To find the largest sale hours where given customer makes large purchase

In [0]:
spark.conf.set("spark.sql.shuffle.partitions", "5")

In [0]:
staticDataFrame.select(F.e)

In [0]:
from pyspark.sql.functions import window, column, desc, col

staticDataFrame\
  .selectExpr(
  "CustomerID",
  "(UnitPrice * Quantity) as total_cost",
  "InvoiceDate")\
  .groupBy(
  col("CustomerID"),window(col("InvoiceDate"),"1 day"))\
  .sum("total_cost")\
  .orderBy(desc("sum(total_cost)"))\
  .show(5)


In [0]:
%sql

SELECT
sum(total_cost),
CustomerId,
to_date(InvoiceDate) AS Invoice_date
FROM
(SELECT
CustomerId,
(UnitPrice * Quantity) as total_cost,
InvoiceDate
FROM
retail_data)
GROUP BY
CustomerId,to_date(InvoiceDate)
ORDER By
sum(total_cost) DESC

sum(total_cost),CustomerId,Invoice_date
71601.44,17450.0,2011-09-20
55316.08,,2011-11-14
42939.17,,2011-11-07
33521.39999999998,,2011-03-29
31975.590000000007,,2011-12-08
31661.540000000005,18102.0,2011-09-15
31347.479999999938,,2010-12-21
29693.82,18102.0,2011-10-21
25920.37,18102.0,2010-12-07
25833.559999999998,14646.0,2011-10-20


That’s the static DataFrame version. To make this as **streaming** use **readstream** instead of **read**

We are also using **maxFilesPerTrigger** which simply specifies the number of file we should read in at once. This is to make
our demonstration more “streaming” and in a production scenario this would be omitted.

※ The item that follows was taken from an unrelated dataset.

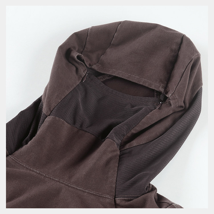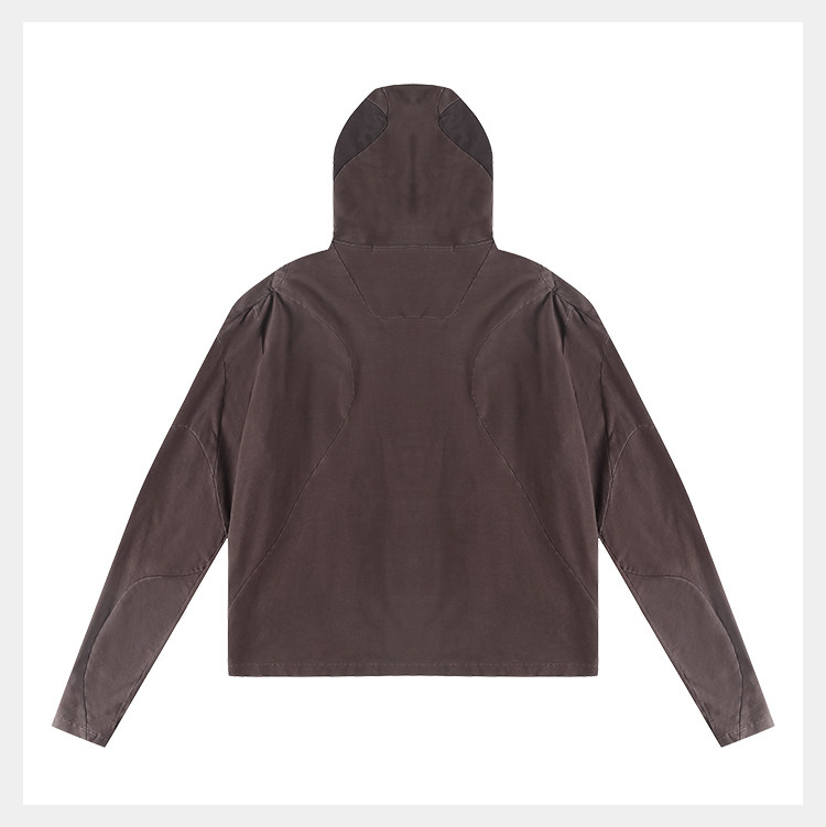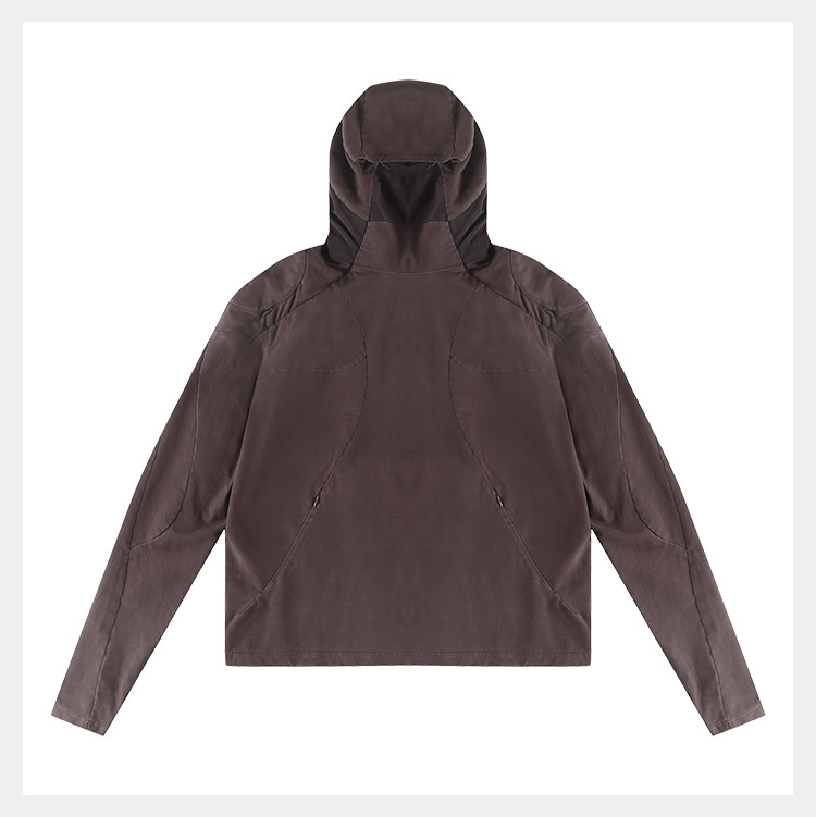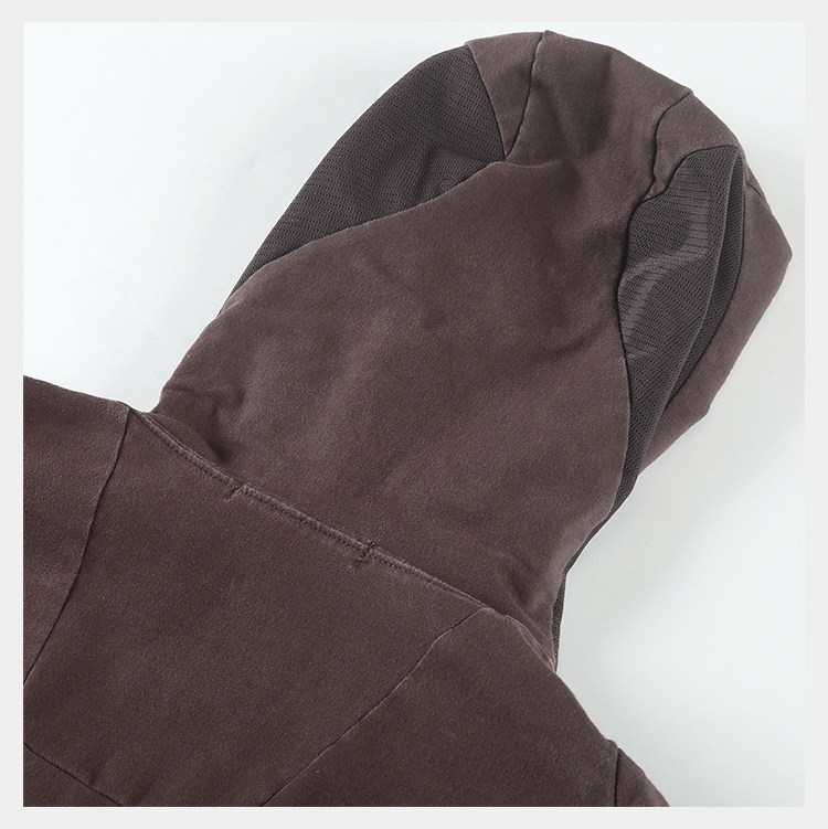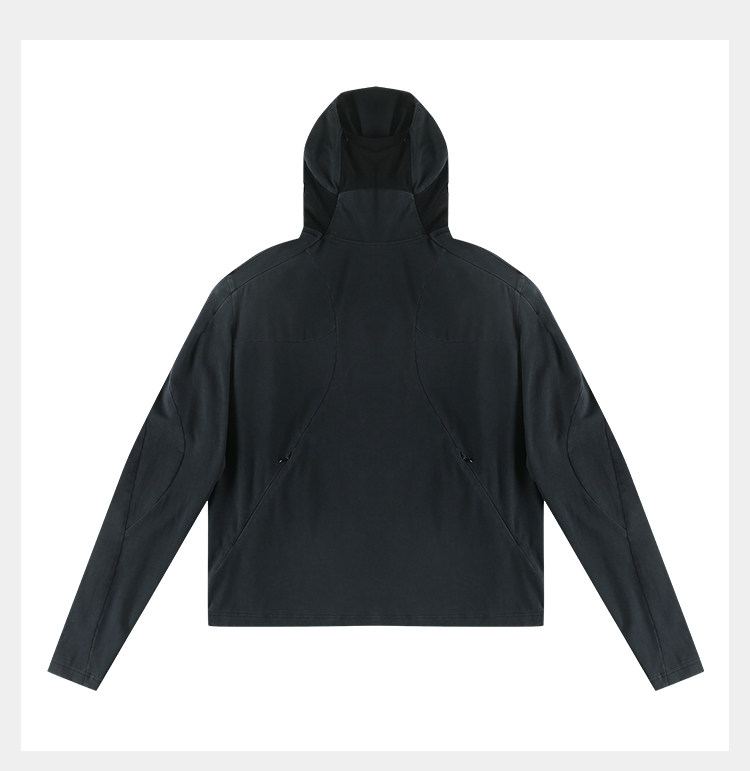• Based on a fitted tactical pullover hoodie silhouette, this piece reimagines the traditional cinched hem with an open cut, integrating structural seam lines and concealed side pockets. The shoulders feature removable structured padding, while the hood combines dense mesh panels for a secure wrap and the front mesh panel ensures strong breathability. A unique horizontal zipper at the neckline adds dimensional detail and shape. Whether worn alone or layered, it delivers a distinct, structured silhouette. Made from a blend of premium stretch cotton and mesh for comfort, breathability, and lightweight mobility—tactical in feel and wearable with standout style.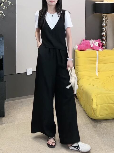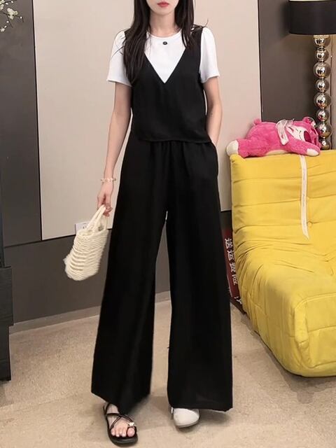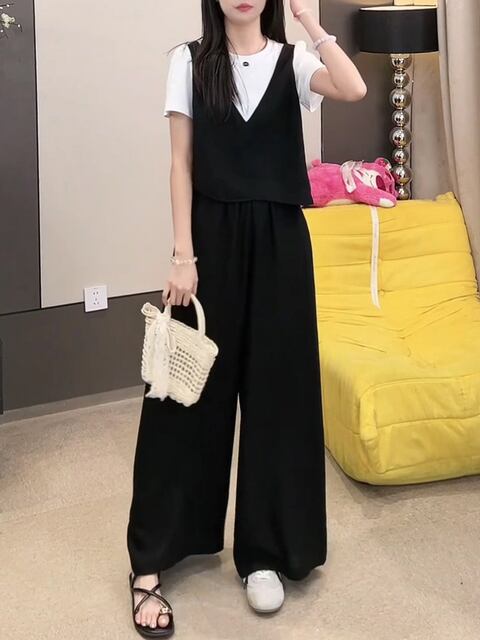韓国ファッションカジュアルスーツレディース2025夏フェイクツーピースコントラストカラー半袖Tシャツストレートワイドレッグパンツツーピーススーツ

The number of partitions that should be created after a shuffle, by default the value is **200** but since there aren’t many executors on my local machine it’s worth reducing this to **five**.

In [0]:
spark.conf.set("spark.sql.shuffle.partitions", "5")

streamingDataFrame = spark.readStream\
                    .schema(staticSchema)\
                    .option("maxFilesPerTrigger",1)\
                    .format("csv")\
                    .option("header","true")\
                    .load("/FileStore/tables/retail-data/by-day/*.csv")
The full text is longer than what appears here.